A real-time phenotyping framework using machine learning for plant stress severity rating in soybean

Plant Methods. 2017 Apr 8:13:23. doi: 10.1186/s13007-017-0173-7. eCollection 2017.

Abstract

Background: Phenotyping is a critical component of plant research. Accurate and precise trait collection, when integrated with genetic tools, can greatly accelerate the rate of genetic gain in crop improvement. However, efficient and automatic phenotyping of traits across large populations is a challenge; which is further exacerbated by the necessity of sampling multiple environments and growing replicated trials. A promising approach is to leverage current advances in imaging technology, data analytics and machine learning to enable automated and fast phenotyping and subsequent decision support. In this context, the workflow for phenotyping (image capture → data storage and curation → trait extraction → machine learning/classification → models/apps for decision support) has to be carefully designed and efficiently executed to minimize resource usage and maximize utility. We illustrate such an end-to-end phenotyping workflow for the case of plant stress severity phenotyping in soybean, with a specific focus on the rapid and automatic assessment of iron deficiency chlorosis (IDC) severity on thousands of field plots. We showcase this analytics framework by extracting IDC features from a set of ~4500 unique canopies representing a diverse germplasm base that have different levels of IDC, and subsequently training a variety of classification models to predict plant stress severity. The best classifier is then deployed as a smartphone app for rapid and real time severity rating in the field.

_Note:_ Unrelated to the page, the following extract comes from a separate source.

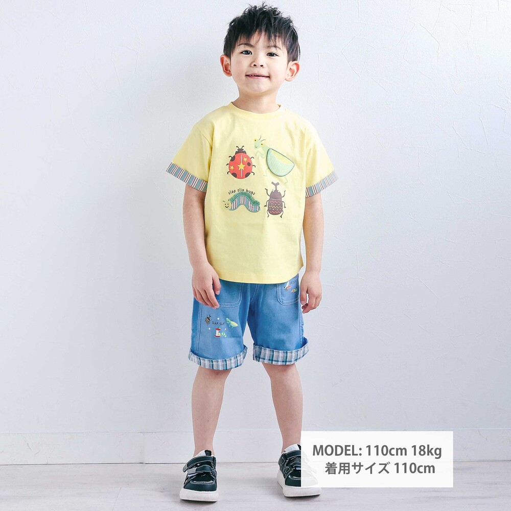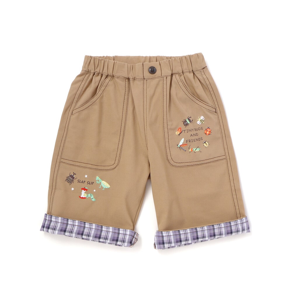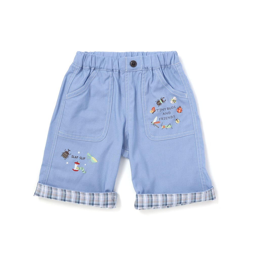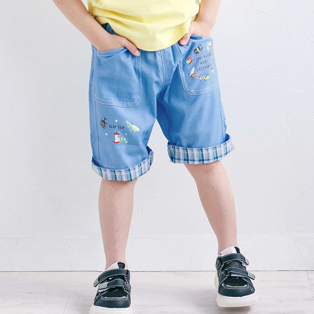 前ポケットや裾に描かれた昆虫プリントが目を惹く、男の子用5.5分丈パンツ。

Results: We investigated 10 different classification approaches, with the best classifier being a hierarchical classifier with a mean per-class accuracy of ~96%. We construct a phenotypically meaningful 'population canopy graph', connecting the automatically extracted canopy trait features with plant stress severity rating. We incorporated this image capture → image processing → classification workflow into a smartphone app that enables automated real-time evaluation of IDC scores using digital images of the canopy.

Conclusion: We expect this high-throughput framework to help increase the rate of genetic gain by providing a robust extendable framework for other abiotic and biotic stresses. We further envision this workflow embedded onto a high throughput phenotyping ground vehicle and unmanned aerial system that will allow real-time, automated stress trait detection and quantification for plant research, breeding and stress scouting applications.

Keywords: High-throughput phenotyping; Image analysis; Machine learning; Plant stress; Smartphone.